CS 662: AI Programming
Project #1: Focused Web Crawling

Assigned: September 22
Due: Wed., October 12, 5 pm

Total points: 100

Introduction

A web crawler is a program that 'crawls the web' - it fetches a web page, extracts all the references to other documents, and fetches each of those documents. For each of those documents, it extracts their references to other documents, and so on. In this way, it can explore the web on a automated basis.

A focused web crawler is a web crawler that looks for pages about a given topic, or that match some externally provided criteria. For example, it might only retrieve pages about basketball. In this project, you'll build a focused web crawler and experiment with two different methods for telling it what the user is interested in.


We can describe a web crawler as a search agent, and use any of the algorithms we've studied so far. For example, an unfocused web crawler might choose to use breadth-first search. Our focused crawler will instead use a form of best-first search, where we put a priority on exploring hyperlinks that look to be promising.

In a nutshell, the focused crawler will work as follows:
  1. Begin with a 'seed page' provided by the user.
  2. Enqueue this page.
  3. While not done:
  4. Dequeue a page and fetch each of the pages it links to.
  5. For each newly fetched page:
  6. Extract its text and determine how good a match it is.
  7. Enqueue the new pages according to priority; better matches will go at the front of the queue.

Grading

Each of the subtasks are described below, along with the points that that task is worth. Within a task, we'll assign 75% of the points based on functionality (how well does your code work? Does it do what it's supposed to?) and 25% of the points based on style. (Is your code commented? Is it readable? Is it efficient? etc.) For parts 3 and 4, answering the questions will count as part of the 'style' grade.

You should turn in the following:

Late penalties will be subtracted from the final score. Since the project is worth 100 points, one day late is a loss of 10 points. So, if you had a score of 85 and were one day late, you would get a 75. (Hint: turn things in on time!)

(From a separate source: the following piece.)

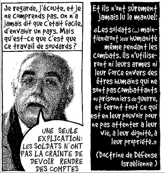 Le processus auteur-narrateur constitue une richesse pour le récit, car la mise en scène de son propre vécu ajoute de la crédibilité aux dessins racontant la « grande actualité » à travers la « petite histoire » des habitants d’un lieu. C’est flagrant dans le reportage BD faisant suite à un voyage du journaliste-dessinateur à Gaza en janvier 20096, dans lequel le conflit israélo-palestinien est raconté via les expériences (traumatisantes) de Sabah Abou Halima, Safoua Abou Namous ou encore Almaza Samouni, trois Gazaouies ordinaires dont les noms sont totalement inconnus de la communauté internationale. Glaçant.

For this project, you are welcome (and encouraged) to use any of the built-in python modules. I'll make specific suggestions during the description for each part. If you use third-party code, please document it properly. As always, everyone is expected to do their own work. Code that is plagiarized from other students or from the web will result in a zero on this project.

Project Details

In the remainder of this document, we'll step through the pieces that you'll need to build a focused web crawler.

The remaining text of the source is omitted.